На страницах книг я встречался со своим отцом. Я знал, что до меня по этим страницам пробегали его глаза, и искал малейший оставленный им след. Он сидел за столом в распивочной вместе с Раскольниковым из «Преступления и наказания», пил с Берлиозом нарзан в «Мастере и Маргарите». Еще до меня отец вдыхал запах кожи Кэтрин из «Грозового перевала». Он прислушивался к беседам Касторпа с Лодовико Сеттембрини, прогуливался вместе с ними на страницах «Волшебной горы». Иногда, когда я читал описание обстановки или ситуации, мне нравилось воображать, что в пепельнице в баре лежал окурок, оставленный моим отцом, на песке пляжа отпечатались его следы, а за рулем проезжавшей машины сидел как раз мой отец. Я знал, что это безумие, но отдаваясь своим фантазиям, я был счастлив.

10. Она (сейчас она любит другого)

«Ты права, я тебя понимаю», – сказал я ей, когда она уходила от меня. Я знаю, я сморозил глупость, мне самому стало противно, когда я услышал свои слова. До меня наконец дошло, как это было пошло. Но в такие минуты все мои комплексы вырываются наружу и блокируют меня. Даже в жестах.

Я терял самого важного для себя человека из-за своего неумения прислушиваться к другим людям. Я глупо себя вел и при наших разговорах о детях: я и слышать о них не хотел, я ни разу не поговорил с ней серьезно об этом, меня всего передергивало только от намеков на эту тему. Но, возможно, я всего-навсего прикидывался, что не понимаю, насколько это было важно для нее.

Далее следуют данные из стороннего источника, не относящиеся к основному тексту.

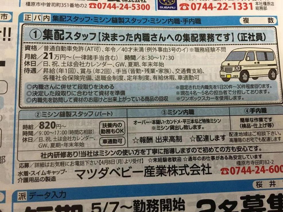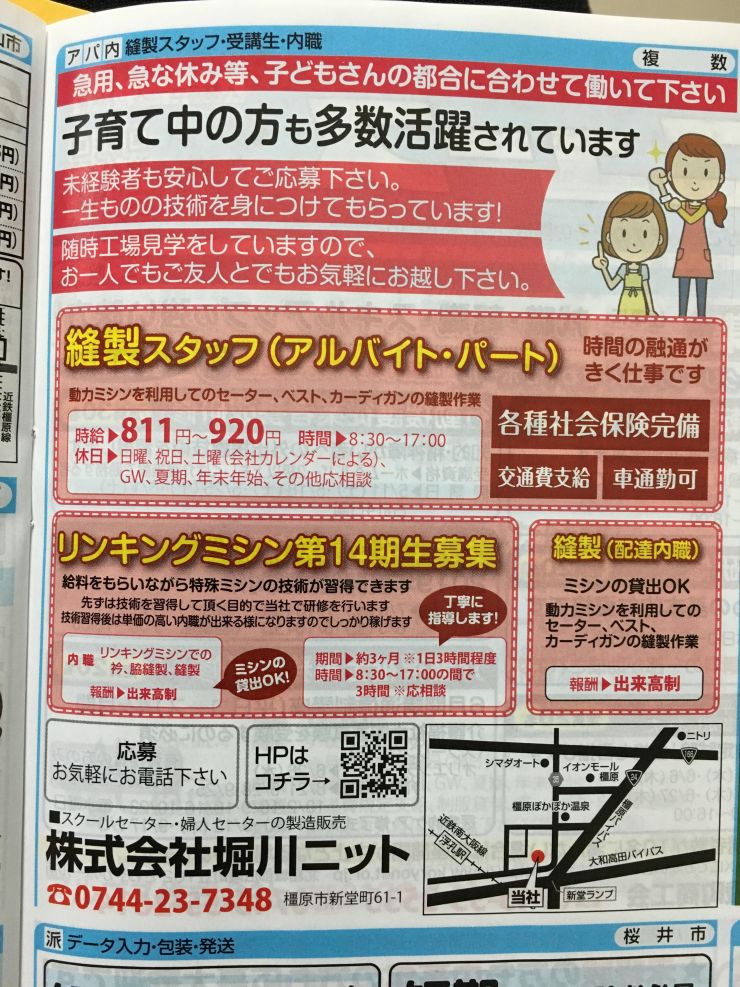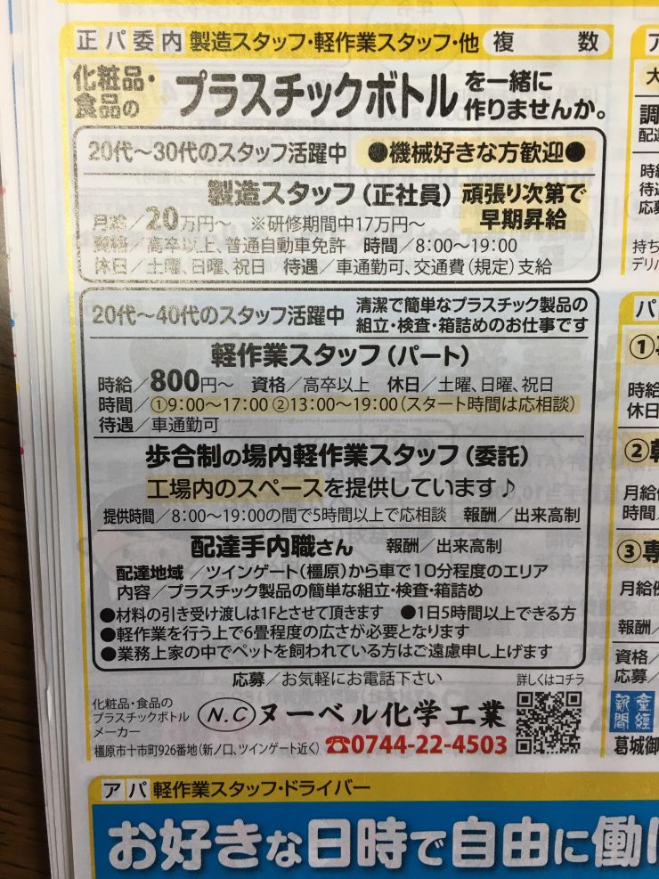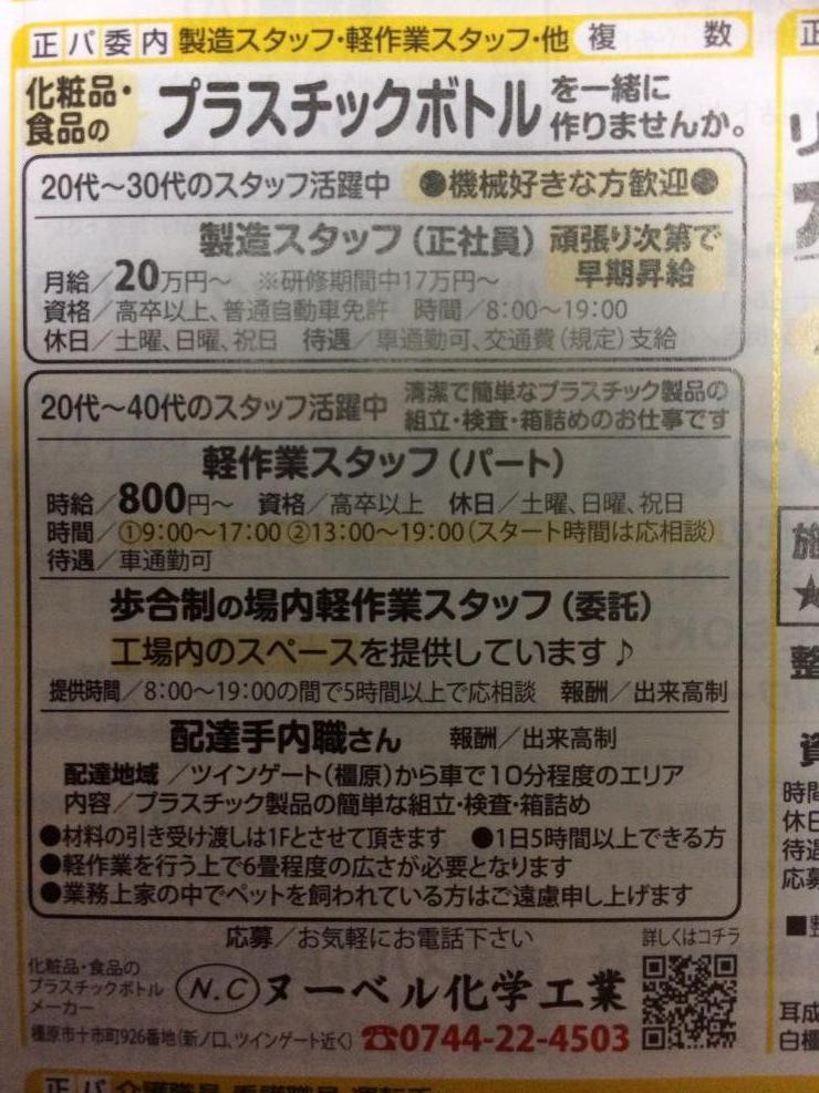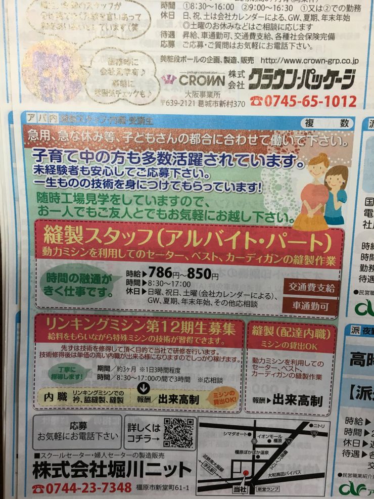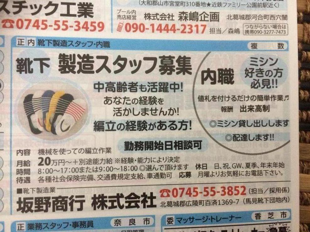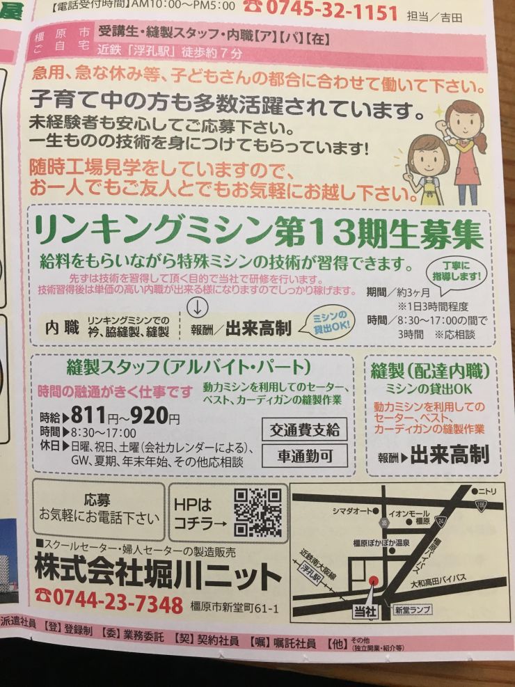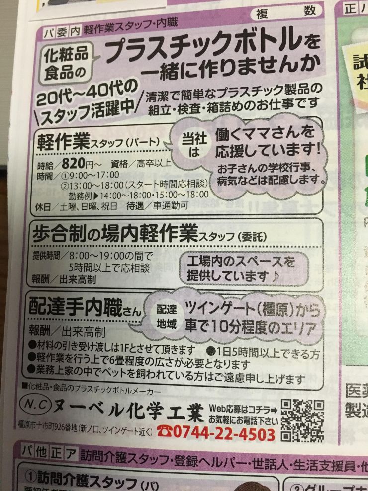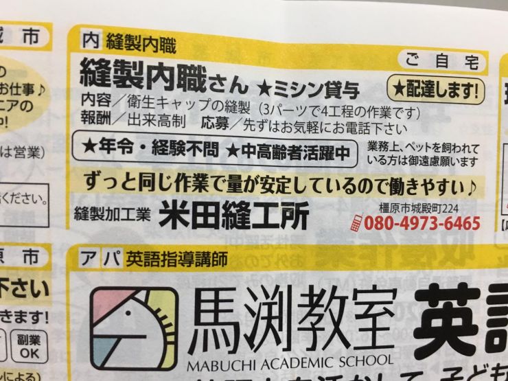 ユーザから投稿してもらった橿原市の内職チラシ情報を公開しています。

Помимо поры безумной влюбленности первых дней, у меня только однажды промелькнула мысль, как было бы здорово завести ребенка, но я сразу же отогнал ее прочь. Я, как всегда, испугался. Мысль о ребенке закралась в мою голову при виде неожиданно возникшего предо мной образа. Как-то в воскресенье мы пришли в гости к друзьям, у которых было двое детей, младший родился всего несколько месяцев назад. Она долго играла с ними в детской, особенно, со старшим мальчиком. Потом она вошла в комнату с малышом на руках. Передо мной предстала Мадонна: ее лицо, весь ее облик с младенцем на руках, любовь, светившаяся в ее глазах, заставили меня в тот миг почувствовать, что у меня нет больше права говорить ей о своей любви и при этом мешать осуществлению ее самого заветного желания. Я должен был сделать выбор: или решиться на ребенка, или отпустить ее от себя.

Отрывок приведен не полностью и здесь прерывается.